A joint team of Dartmouth and Dartmouth-Hitchcock researchers from the departments of engineering, radiation oncology, and surgery have developed a method of delivering radiation therapy that reduces damage to healthy tissue while maintaining its efficacy against tumors.

To achieve this, the team converted a standard linear accelerator (LINAC) to a FLASH ultra-high-dose rate radiation therapy beam.
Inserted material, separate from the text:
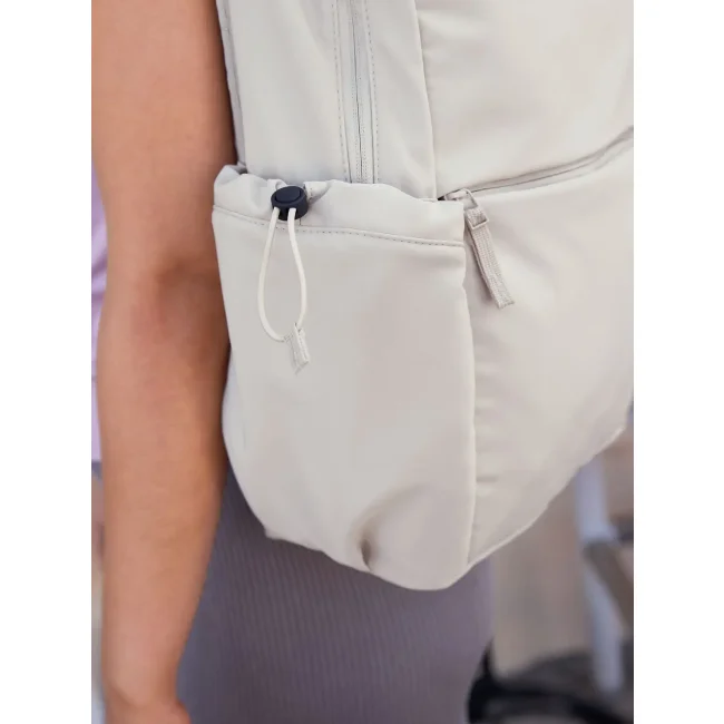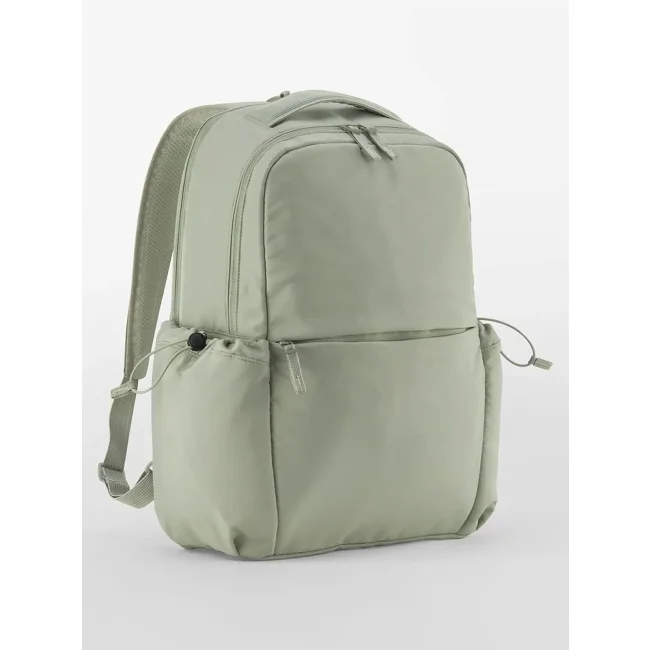 100% poliestere riciclato. Zaino per laptop fino a 16'' in poliestere riciclato certificato GRS, apertura con due zip bidirezionali, tasche laterali esterne regolabili con cordino, tasca frontale con zip e due tasche interne imbottite, cinghia posteriore per bagaglio. Dimensioni: 44x29x13cm, Capacità: 22 litri. Etichetta strappabile.

The work, entitled “Electron FLASH Delivery at Treatment Room Isocenter for Efficient Reversible Conversion of a Clinical LINAC,” is newly published online in International Journal of Radiation Oncology, Biology & Physics.

The exceptionally high dose rate is 3,000 times higher than normal therapy treatment. Instead of treatment over 20 seconds, an entire treatment is completed in 6 milliseconds, giving the therapy its nickname, “FLASH.”

“These high dose rates have been shown to protect normal tissues from excess damage while still having the same treatment effect on tumor tissues, and may be critically important for limiting radiation damage in patients receiving radiation therapy,” says Brian Pogue, the MacLean Professor of Engineering at Dartmouth, Co-Director of the Norris Cotton Cancer Center (NCCC) Translational Engineering in Cancer Research Program, and co-author of the project.

While the team awaits news of potential funding from the National Institutes of Health (NIH), early pilot funding from NCCC and Dartmouth's Thayer School of Engineering allowed for prototyping of the converted LINAC. Pre-clinical testing of the beam began in August and has already provided key data on its potential for different tumor plans.

“This is the first such beam in New England and on the east coast, and we believe it is the first reversible FLASH beam on a clinically used LINAC where the beam can be used in the conventional geometry with patients on the treatment couch,” says Pogue.

The FLASH beam is currently being used in preclinical studies and the research group has expanded to involve physicians in clinical radiation oncology and dermatology, designing what they hope will be the first human safety trial with FLASH radiotherapy at Dartmouth-Hitchcock, treating patients’ advanced skin lesions that cannot be removed surgically.

In addition to Pogue, the project was led by Rongxiao Zhang, Adjunct Assistant Professor of Engineering; Petr Bruza, Assistant Professor of Engineering; and David Gladstone and P. Jack Hoopes, both Adjunct Professors of Engineering. Work was also done by Dartmouth engineering PhD candidates and first authors Ronny Rahman and Ramish Ashraf, and Dartmouth-Hitchcock engineers Lawrence Thompson and Chad Dexter.